Ok now that was the best video I have seen  Awww that was sooo cute. I cant wait for our baby girl Katie. Thanxs sooo much for sharing !!!  Happy Birthday Augie !!!


----------



## Joe (Apr 9, 2005)

Sooo cute  I also liked this video very much and I think you've got very good eye for making this short videos. You seem to always make it just perfect. 
I think *Augie *is very lucky to be a part of your family.
Joe


----------



## RickGibbs (Dec 16, 2005)

I like that he doesn't even care about about the party hat being in his way, as long as he's got treats....


----------



## LaurJen (Aug 10, 2006)

Thanks everyone  He certainly is loved!


----------



## njb (Oct 5, 2006)

That was just too adorable!


----------



## Princess Bella (Oct 17, 2006)

I love Augie!! keep em coming!


----------



## Dog (Sep 26, 2006)

LOL!!! Great video.. and I thought I'd seen it all (that was so funny).
Thank you for sharing and of course HAPPY BIRTHDAY AUGIE!!! 
from Amber and familly.


----------



## vrocco1 (Feb 25, 2006)

That was a lot of fun.
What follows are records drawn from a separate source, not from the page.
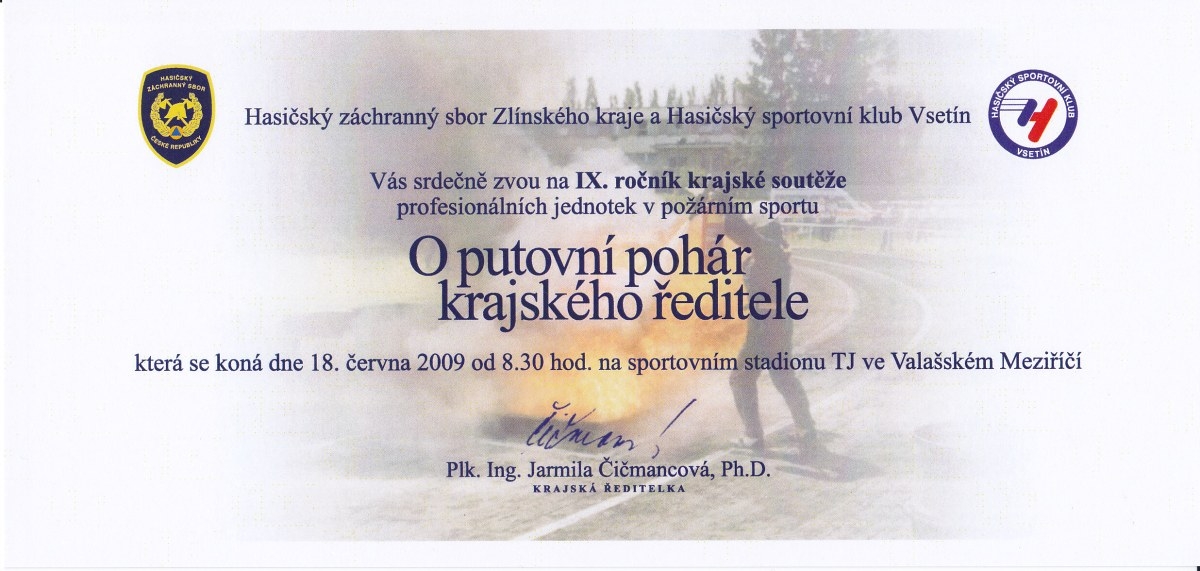 15.6.2009Pozvánka na IV. ročník krajské soutěže O putovní pohár krajského ředitele HZSZK
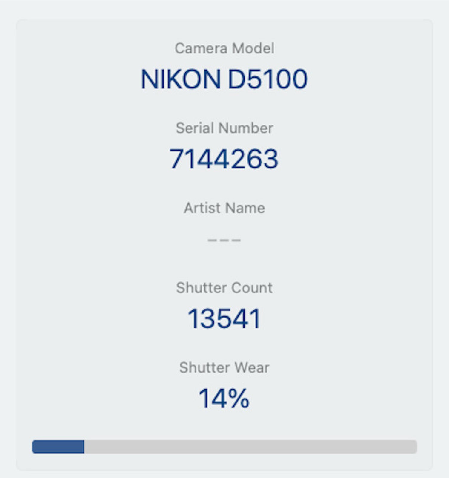 Shutter Count: The shutter count is just 13541, only over 13% of the estimated shutter life, so there is plenty of life remaining from this great camera.
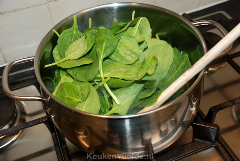 Verhit een ruime pan met wat olie en roerbak de spinazie met wat zout en peper en het teentje knoflook, totdat deze geslonken is.

Augie is sooo cute!


----------



## ontariogolden (Oct 24, 2006)

Happy belated birthday Augie!

That was such a great video... who said "yay you cleaned your plate!"? It was so sweet...


----------



## LaurJen (Aug 10, 2006)

ontariogolden said:


> Happy belated birthday Augie!
> That was such a great video... who said "yay you cleaned your plate!"? It was so sweet...


One of the kids--they were quite taken with the dog eating on the table!


----------



## Carsonsdaddy (Nov 1, 2006)

HAPPY BIRTHDAY, AUGIE!!! That's a great video. He almost waited until the song was done.


----------